It IS more realistic. Take Tolkien's world, and compare it to Tolkien's world with a whole lot of brutality drawn straight from our own history, and the latter is justly considered "more realistic" than without those things. The inclusion of elves and magic doesn't make other, more realistic touches into something fantastical or gratuitous.

I understand and appreciate the backlash against grimdark, but that's a backlash against the bandwagon jumping that accompanies any successful fad.
posted by fatbird at 10:17 AM on March 1, 2013


CBrachyrhynchos, I don't disagree that fantasy has often been less shiny-shiny than people tend to remember, but I also think there's a distinct difference between "Conan kills a bunch of nameless minions and then a big spider demon" and "Spend three books making us love a character, then kill him."

"Grimdark" is more than just blood and spatter.
posted by Etrigan at 10:20 AM on March 1, 2013


It IS more realistic.

And it IS a crappy way of justifying your narrative choices. That's the thing that we're saying here -- if these authors just fucking own their choices and say, "Yeah, there's a lot of violence.

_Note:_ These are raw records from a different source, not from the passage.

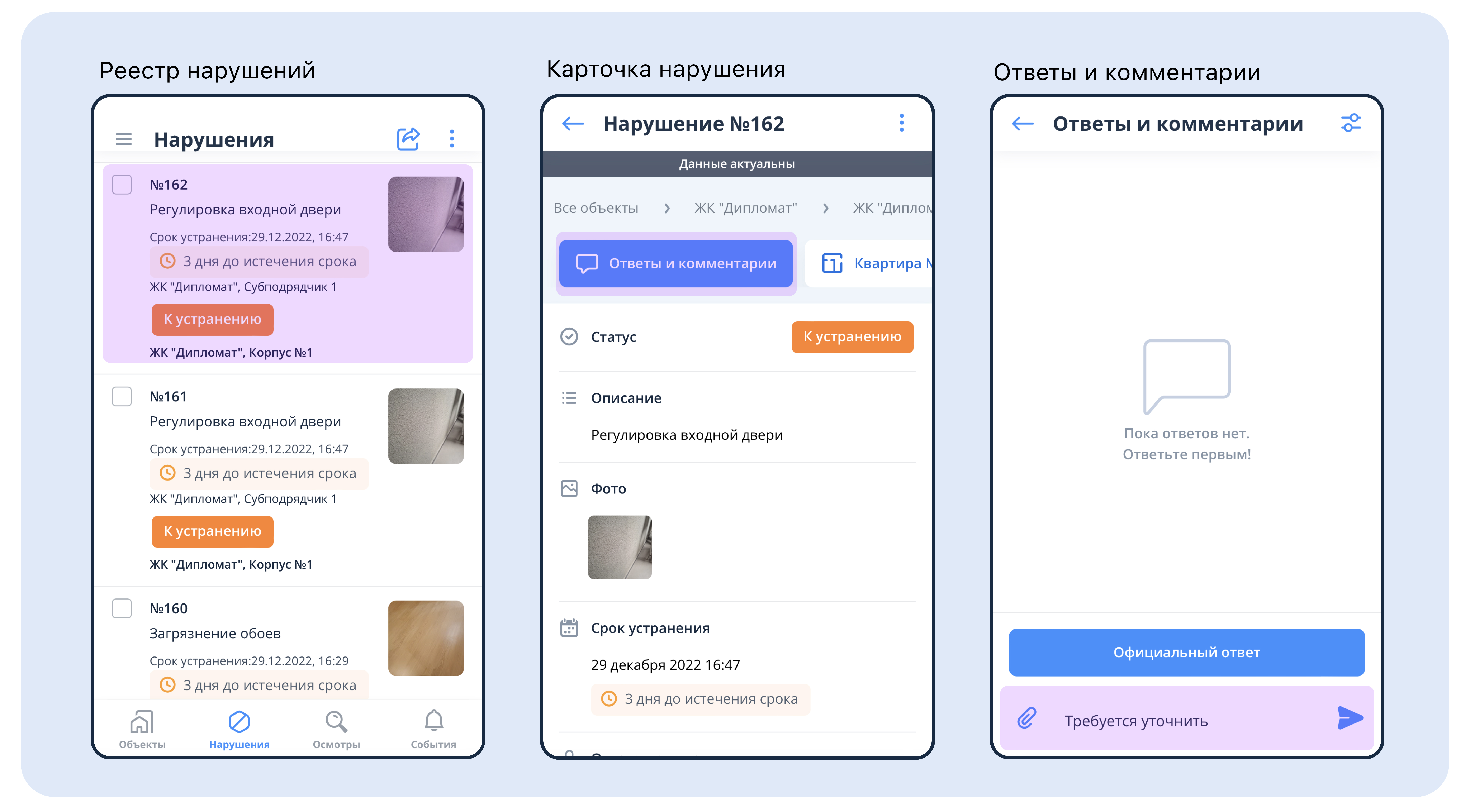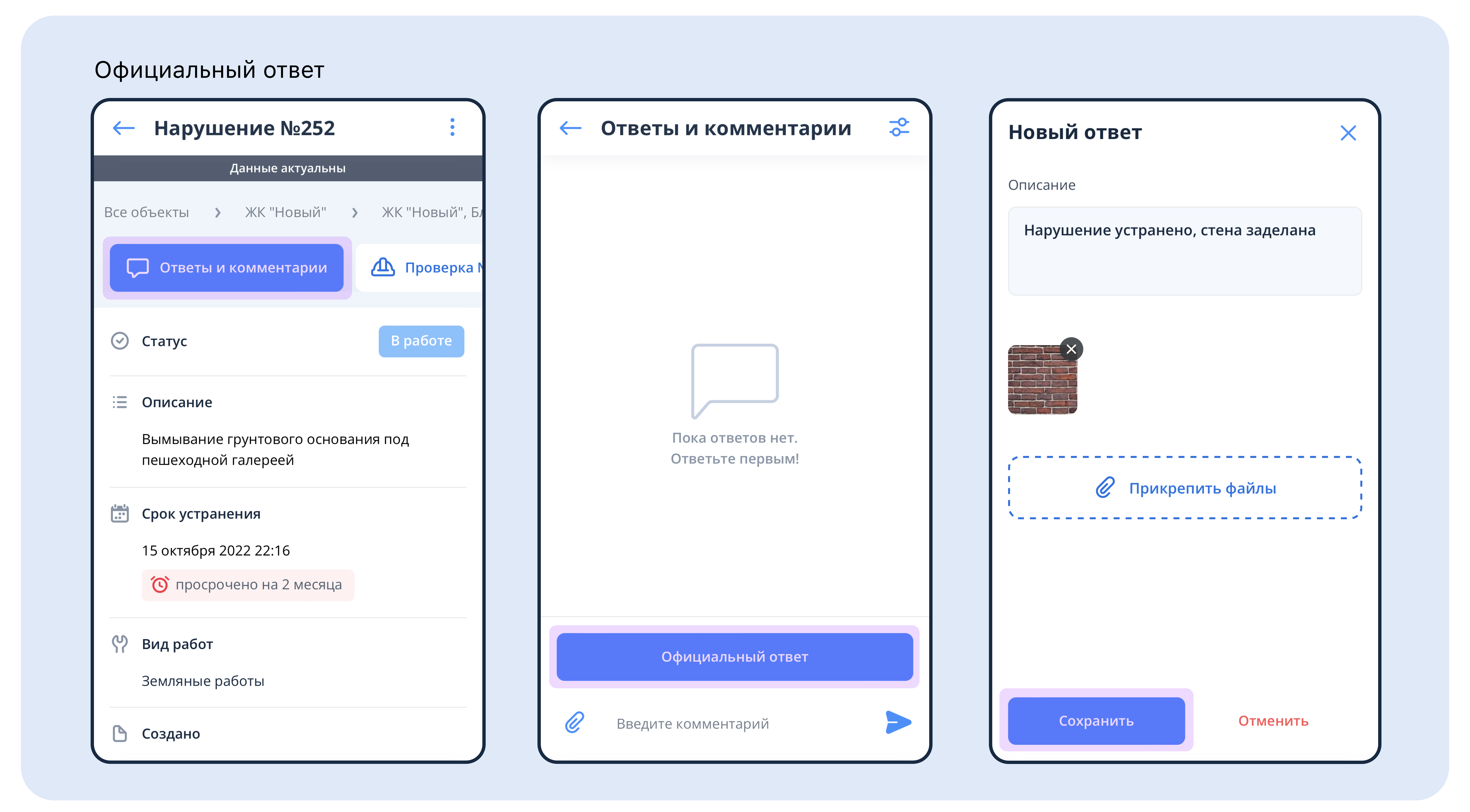 После устранения нарушения нужно его открыть, зайти в “Ответы и комментарии”, нажать на кнопку “Официальный ответ”, заполнить поле “Описание” и обязательно приложить фотографию устраненного нарушения (для того, чтобы у автора нарушения была возможность принять работу)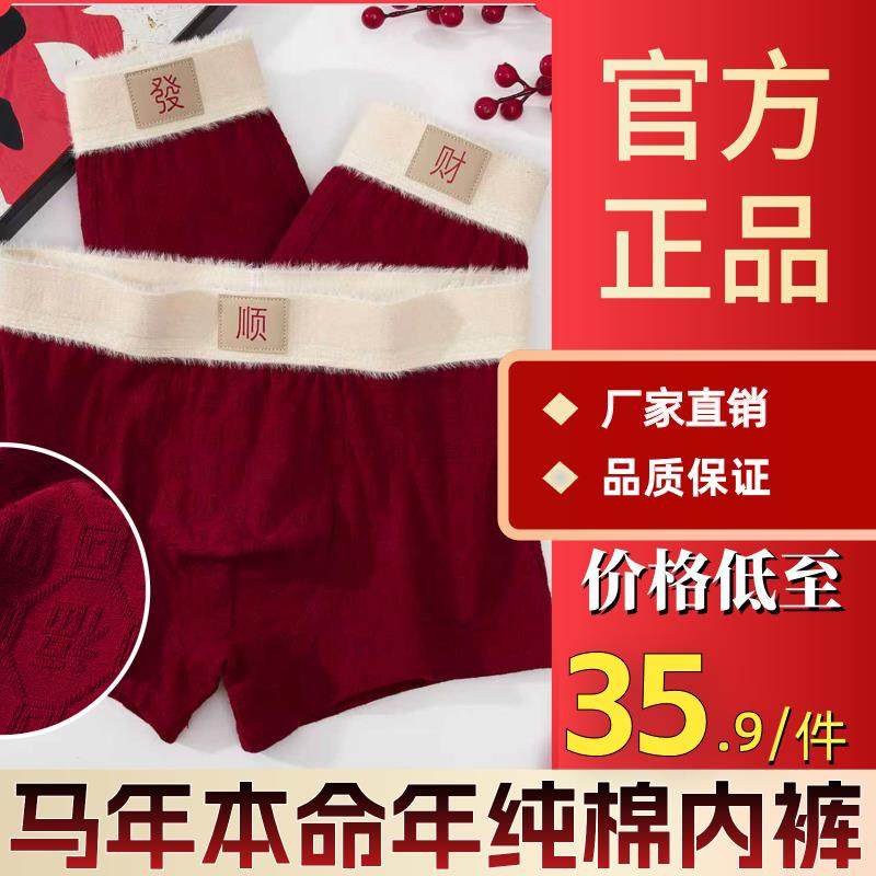 【香港&潮牌专柜正品】酒红色本命年纯棉男士内裤属马年柔软舒适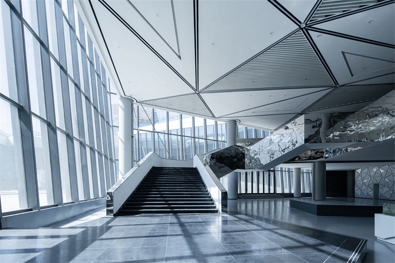 在設(shè)計過程中,設(shè)計團隊深度融合“生態(tài)”與“創(chuàng)新”理念,將全生命周期綠色低碳理念貫穿始終,在場地規(guī)劃、空間營造、技術(shù)整合與材料應用等方面實現(xiàn)了系統(tǒng)性創(chuàng)新突破。建筑布局緊密貼合榆中當?shù)貧夂蚺c地形特征,充分運用被動式設(shè)計策略,最大程度利用自然采光與通風,有效降低建筑運行能耗。技術(shù)應用上,項目集成高效地源熱泵系統(tǒng)、建筑光伏一體化(BIPV)技術(shù)、智能能源管理與雨水回收利用系統(tǒng)等,構(gòu)建起高效循環(huán)的資源利用體系。材料選擇方面,大量采用本地化、可再生及低碳建材,融入具有甘肅地域文化特色的生態(tài)景觀設(shè)計,使科創(chuàng)中心成為與周邊自然環(huán)境和諧共生、彰顯隴原風貌的綠色建筑典范。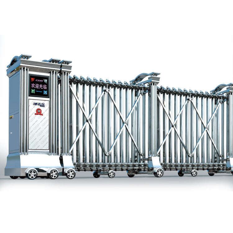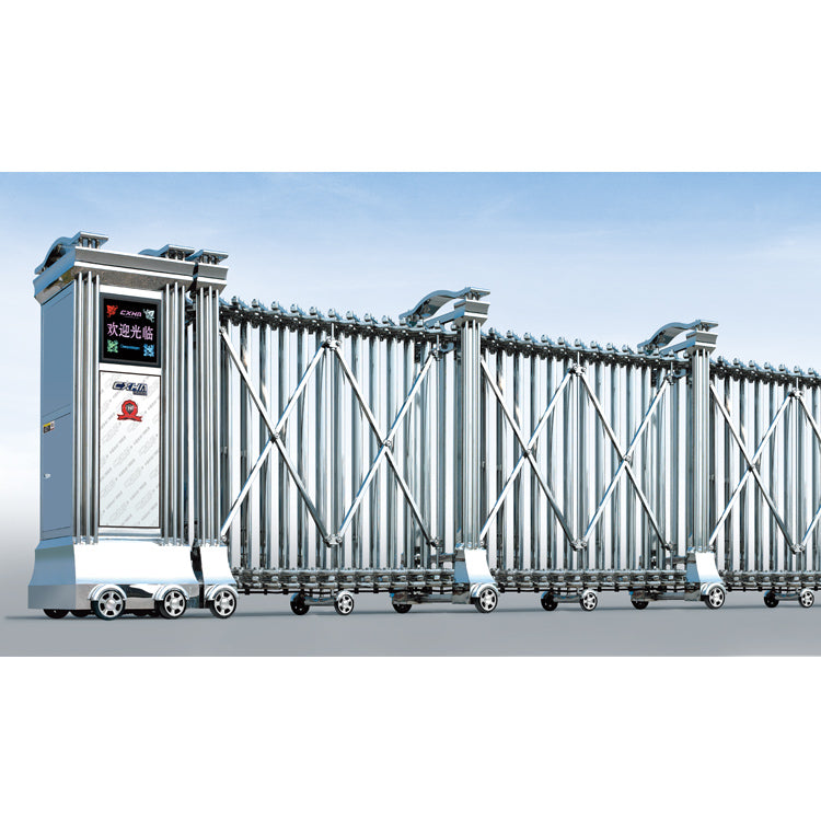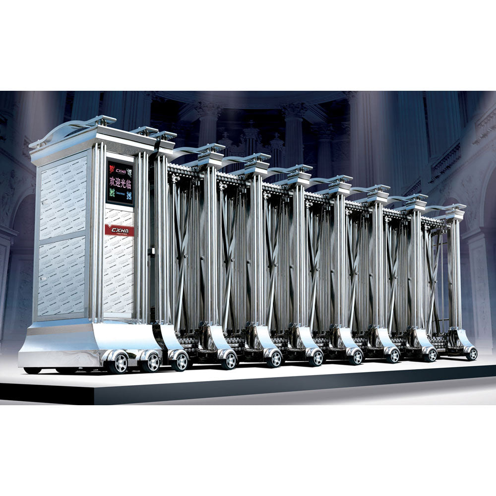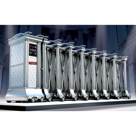Auto Folding Sliding Door from CXHA LTD.     Product Description Specifications   Product Name Automatic Folding Gate Gate Height 1600mm (Customized Height) Gate Width 870mm Wheel Base 810mm (center-center) Surface Treatment 8K Polished Finishing Power Voltage AC220V±20% 50Hz; AC110V±10% 60Hz Moving Speed 18m per min. Remote Control Distance Less than 50m...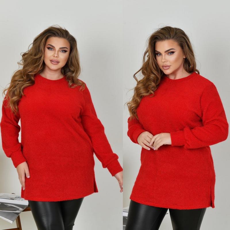 Туніка НОВИНКА💖💖💖 В НАЯВНОСТІ✅✅✅ Код 3808 Тканина: Альпака (Якість люкс). Кольори: червоний, бордовий, хакі, синій. Розміри: 52-54, 56-58, 60-62, 64-66. Довжина туніки: 79, 80, 81, 82 см. Довжина рукава: 61, 61, 62, 62 см. Обхват рукава: 40, 42, 44, 46 см. Заміри готового виробу: 52-54 ОГ 118 ОТ 116 ОС 120 56-58 ОГ 126 ОТ 124 ОС 128 60-62 ОГ 134 ОТ 132 ОС 136 64-66 ОГ 142 ОТ 140 ОС 144 На моделі показано цей розмір 52-54❗️ Зріст моделі 170 см. Oб’єми моделі ОГ 110 ОТ 85 ОС 115 см. Стильна повсякденна туніка із якісного вʼязаного трикотажу «Альпака» (розтяжність середня). Туніка прямого силуету, на фігурі має бути вільною, така модель. Рукав на манжеті. Виріз горловини круглий. З боків невеликі розрізи. Кишень, застібок немає.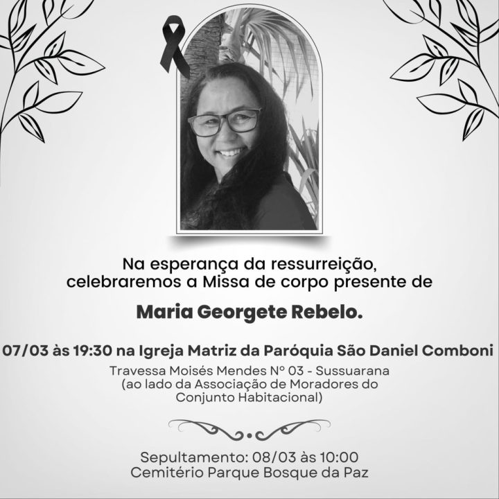 O enterro de Georgete será na sexta-feira (8), às 10h, no Cemitério Bosque da Paz.
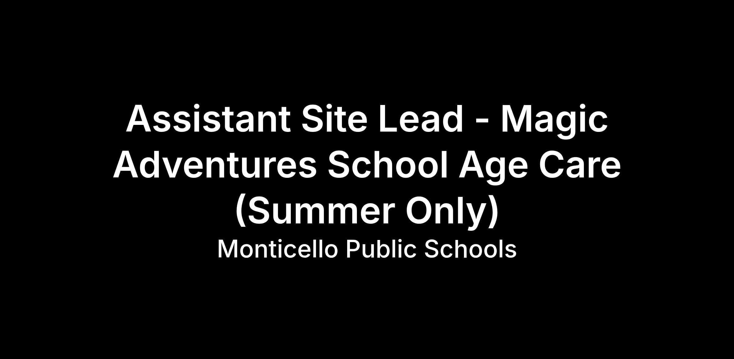 Magic Adventures is looking for a responsible and energetic adult that has a passion for working with children ages 3 - 6 years old in our school aged childcare program. Hours of operation are Monday-Friday 6 AM - 6 PM. Full time position - 40 hours/week during the summer program. Under the direction of the School Age Care Coordinator & the School Age Care Site Lead, the School Age Child Care Assistant Site Lead assists in the planning and supervision of daily structured activities for the school age children enrolled in program, supervises Education Support Specialists and Aides and oversees the daily operations of the program at the site.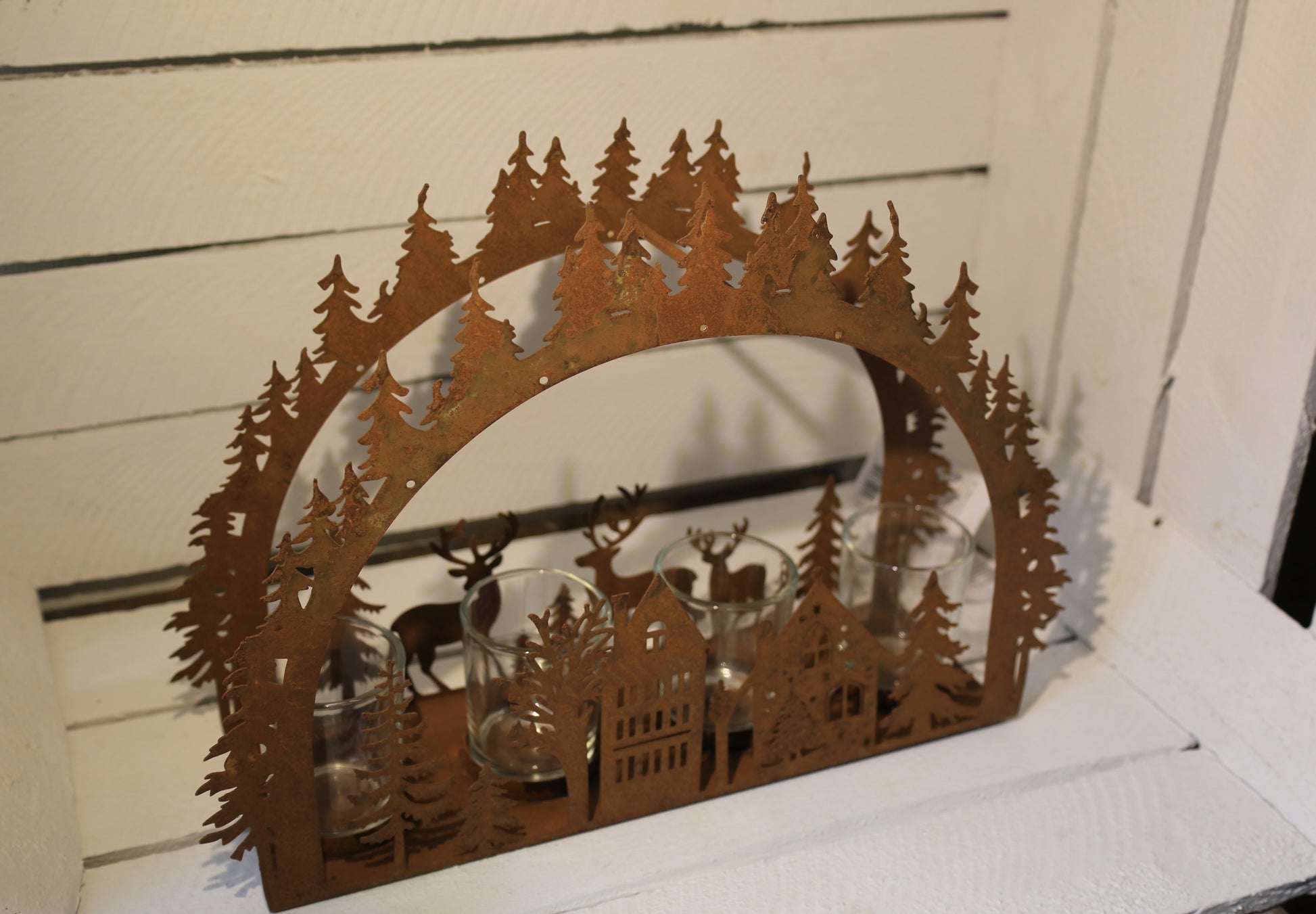 Adventskranz / Teelichthalter in Rostoptik aus Metall, Winterlandschaft

I thought it was a good way to heighten tension and emphasize how important this struggle is to the characters," then fine. But they should quit with the "Gosh, I wish I didn't have to portray this vicious rape scene, but that's how things are in this world that I totally made up in my own brain from start to finish."
posted by Etrigan at 10:24 AM on March 1, 2013


therefore shut up about all the rape in my fantasy book

But Martin has a good case for saying exactly that, especially in contrast to Tolkienism and as a critique of Tolkienism.

I want to be careful, though, to distinguish between what Martin does, which is injecting realism as a critique, from what another author (like Donaldson) does, which is use "injecting realism" as an excuse for gratuitous brutality. The difference is pointed out in Simon's article when he describes how the "exotic" dancer sexually abuses herself on stage--this serves no narrative purpose, it just shocks the reader for no good purpose.
posted by fatbird at 10:24 AM on March 1, 2013


if these authors just fucking own their choices and say

You're connecting 'owning your choices' to an admission that the choices are gratuitous, when they're demonstrably not in the case of Martin, who includes a lot of violence and rape, but doesn't dwell on its depiction for its own sake. You're essentially saying that no one can simply choose relatively high realism as a baseline.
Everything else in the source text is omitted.